(695h) Recent Advances in Evapoporometry for Determining the Pore-Size Distribution of Membranes

Evapoporometry (EP) is a novel means for characterizing the pore-size distribution (PSD) of membranes. It is based on the phenomenon described by the Kelvin equation whereby the vapor pressure is reduced owing to the interfacial curvature of a volatile wetting liquid contained in small pores. EP employs a specially designed test cell that permits establishing a partial pressure in the gas phase at the surface of the membrane that corresponds to the vapor pressure of the largest pores that are filled with the volatile wetting liquid. A small hole in the lid of the test cell controls the rate at which evaporation of the volatile wetting liquid occurs from the pores. Owing to the implications of the Kelvin equation, the gas phase adjacent to the membrane is supersaturated with respect to all pores that are smaller than those from which liquid is evaporating. This supersaturation condition causes pores to empty via evaporation progressively from the largest to the smallest. Measuring the instantaneous mass of the test cell containing the membrane sample via a high resolution microbalance permits determining the instantaneous evaporation rate. This can be related to the partial pressure of the volatile wetting liquid at the surface of the membrane via a straightforward analysis of the mass transfer in the test cell. The Kelvin equation then permits determining the instantaneous pore diameter from the partial pressure at the surface of the membrane. The limitations of the Kelvin equation imply that  EP can determine the PSD for flat sheet and hollow fiber ultrafiltration membranes.

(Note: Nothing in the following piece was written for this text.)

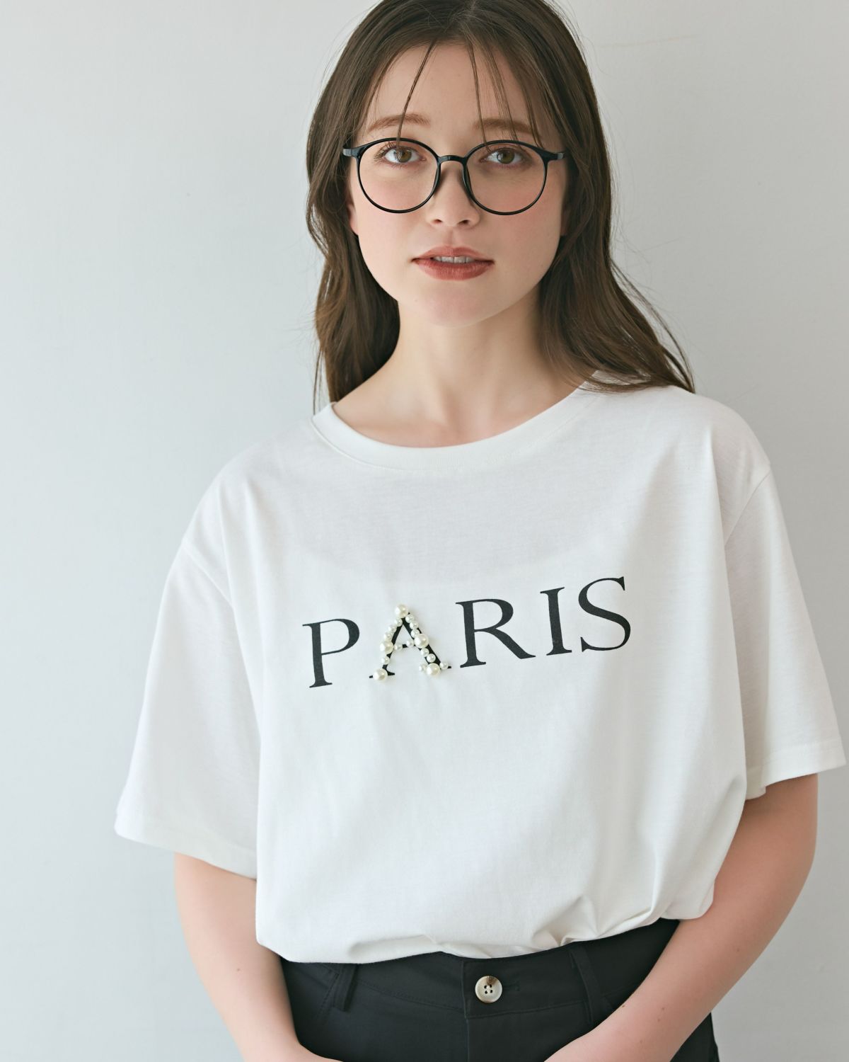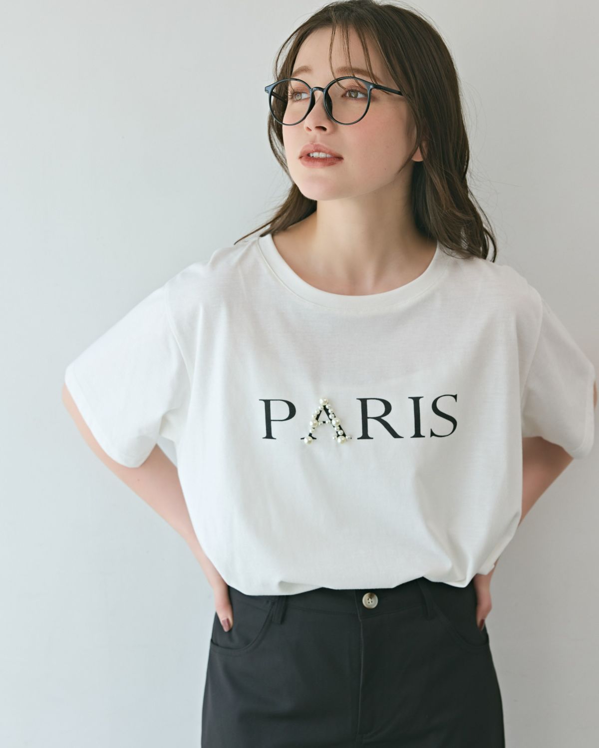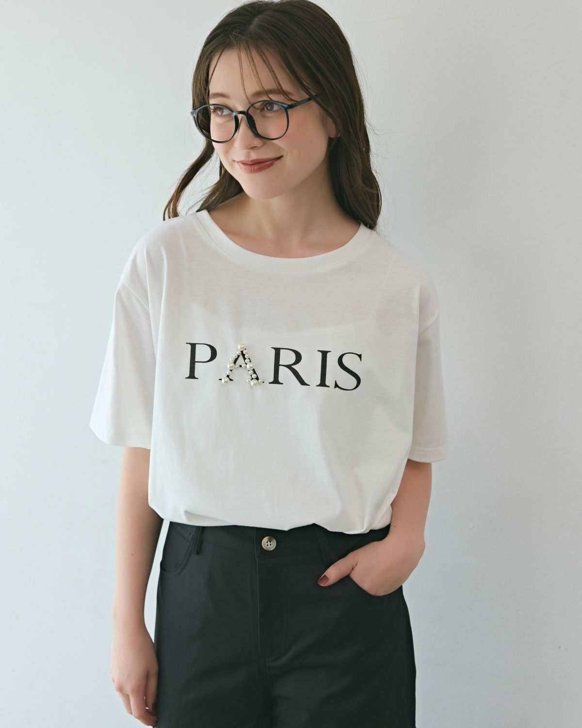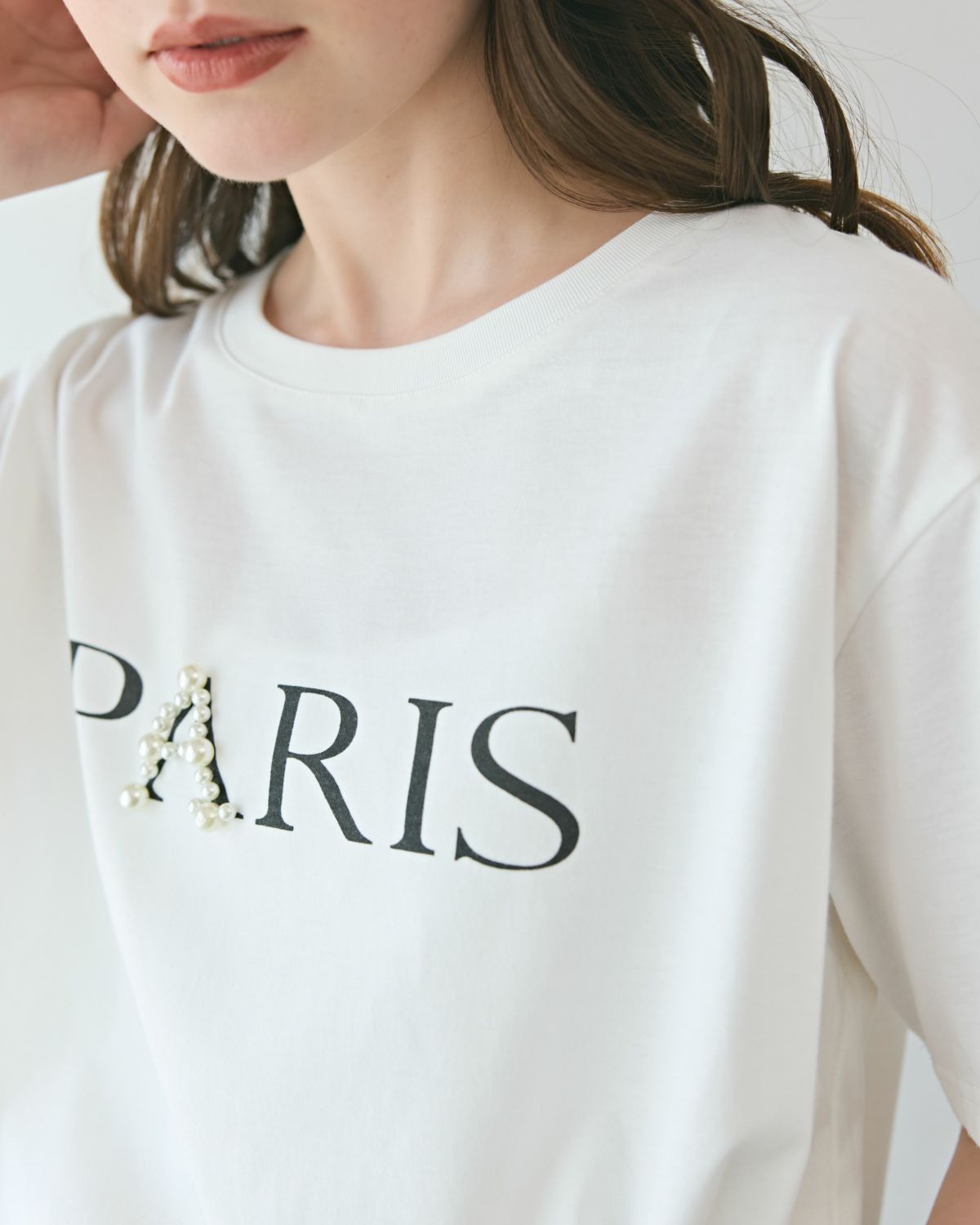 an chic ポイントパールロゴTシャツ

EP offers several advantages relative to other methods for determining the PSD. Since the mass can be measured with microgram accuracy, the measurement error in EP is much less than for techniques that require measuring a flow rate, pressure, volume, or heat input. Implementing EP does not require any specialized equipment or expertise. EP also has a relatively small laboratory footprint since the required equipment consists of the test cell, high resolution microbalance, environmental chamber, and an anti-vibration table. Since EP characterization is carried out at the ambient temperature and pressure, it does not alter the morphology of the membrane sample. EP also can be used to determine the PSD of fully hydrated viable biofilms that cannot be done via other PSD characterization methods. A particular advantage of EP is that it can be used to measure the effect of internal pore fouling on the PSD that cannot be done using any method that involves liquid displacement via an inert gas or immiscible liquid.

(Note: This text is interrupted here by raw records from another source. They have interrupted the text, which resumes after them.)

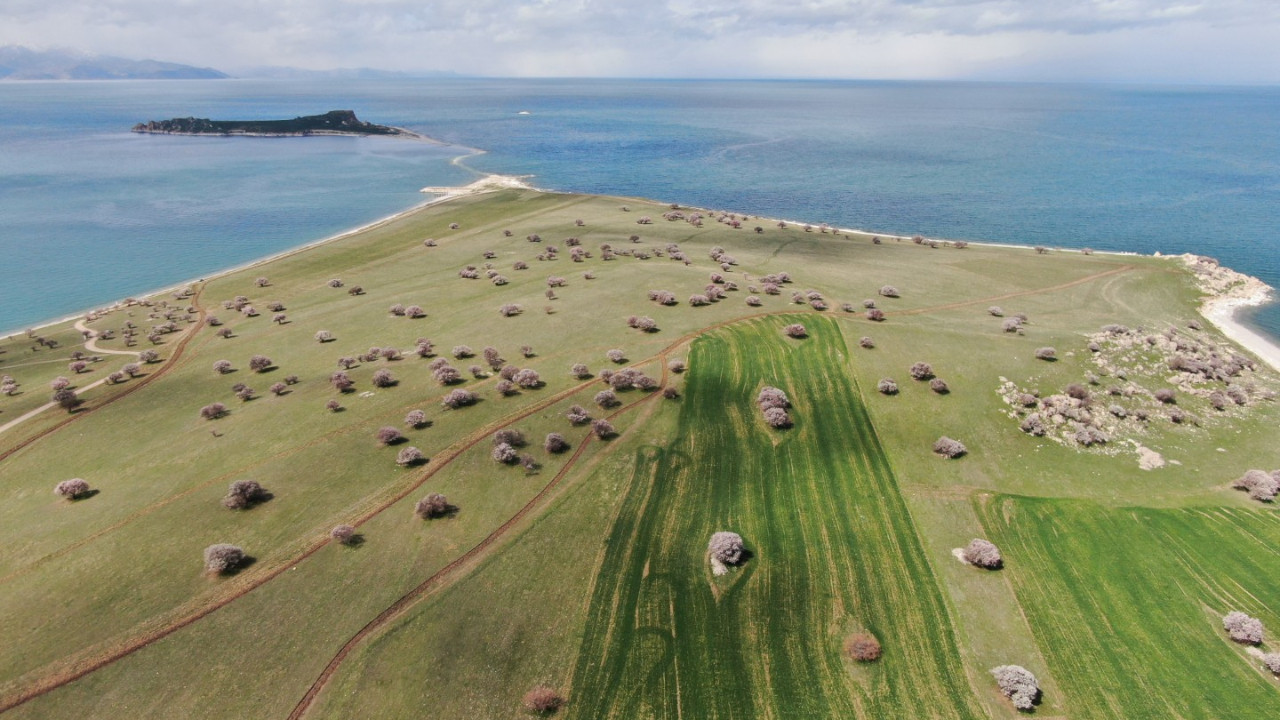 Van Gölü'nün kuzeydoğu bölgesinde yer alan ada, ilkbaharla farklı bir güzelliğe büründü.
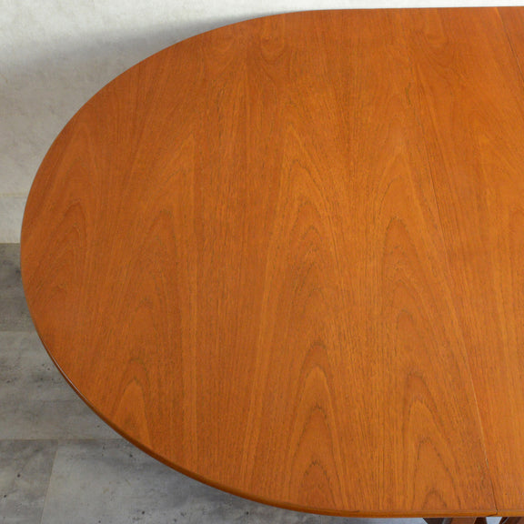良質なチークの天板が美しい楕円形(オーバル)のエクステンション(伸長式)テーブルです。
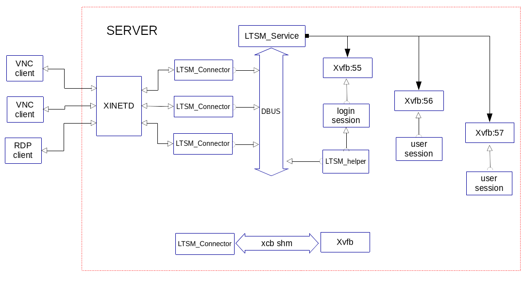 Клиенты подключаются к системе через протокол RFB или RDP на служебный сервис это xinetd/(systemd sockets), а LTSM_connector является обработчиком протокола.
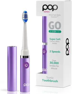 Pop Sonic Electric Toothbrush (Purple) - Travel Toothbrushes w/AAA Battery | Kids Electric Toothbrushes with 2 Speed & 15,000-30,000 Strokes/Minute, Dupont Nylon Bristles
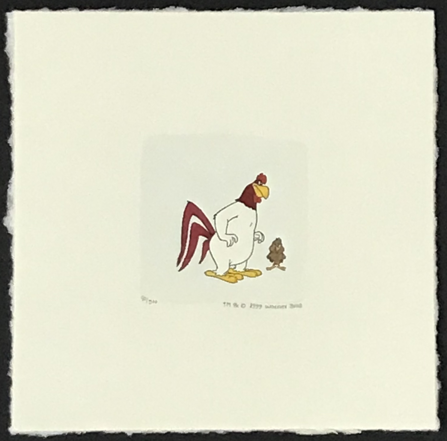 I say, I say boy! This great animation art etching of the obnoxious Foghorn Leghorn and the stubborn Henry Hawk. Available framed for only $129US!
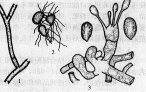 菌丝初为无色,老熟时浅褐色,较粗,有分枝,分枝处缢缩,距分枝不远处有分隔,每细胞有细胞核3〜23个,平均4〜8个。菌核由菌丝体交织纠结而成,初为白色,后变为暗褐色,扁球形、肾形或不规则形,表面粗糙,有少量菌丝与寄主相连,靠病斑的一侧稍凹陷,成熟后易脱落于土壤中。菌核大小不一,明显分为外层和内层,外层由10〜30层坏死细胞构成,约占菌核半径的1/2左右,除细胞壁外,无细胞质和细胞核;内层为活细胞,具有细胞壁、细胞质、细胞核及丰富的颗粒状内含物;菌核具有圆形小孔洞,即萌发孔,菌核形成过程中通过萌发孔排出分泌物,菌核萌发时菌丝也由此伸出。担子倒卵形或圆筒形,顶生2〜4个小梗,其上各着生1个担孢子;担孢子单胞、无色、卵圆形(如图)。
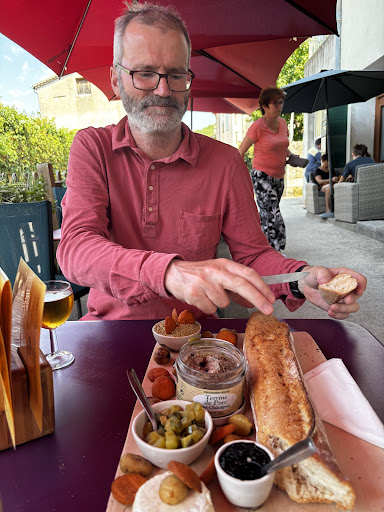A midi, après la visite du village et du château, j'ai bien aimé déjeuner à l'épicerie La Virginie à Vogüé en Ardèche qui fait office de café bar et restaurant. La particularité c'est qu'on y fait soit même son menu en achetant les produits dans l'épicerie, charcuterie, fromage et boisson... Tout y est excellent et on y passe un bon moment. La terrasse extérieure est tres sympa. J'y suis allé en juin 2025 et je peux avec les informations obtenues, vous faire une présentation.

This presentation will provide an overview of the EP characterization method and discuss recent advances in this technology. The latter include an improved EP test cell design, improving the resolution of EP, extending EP to larger pore sizes, accounting for the effect of the residual adsorbed layer on the pore walls, and adapting EP for characterizing the PSD on both the outer surface and lumen side of hollow fiber membranes.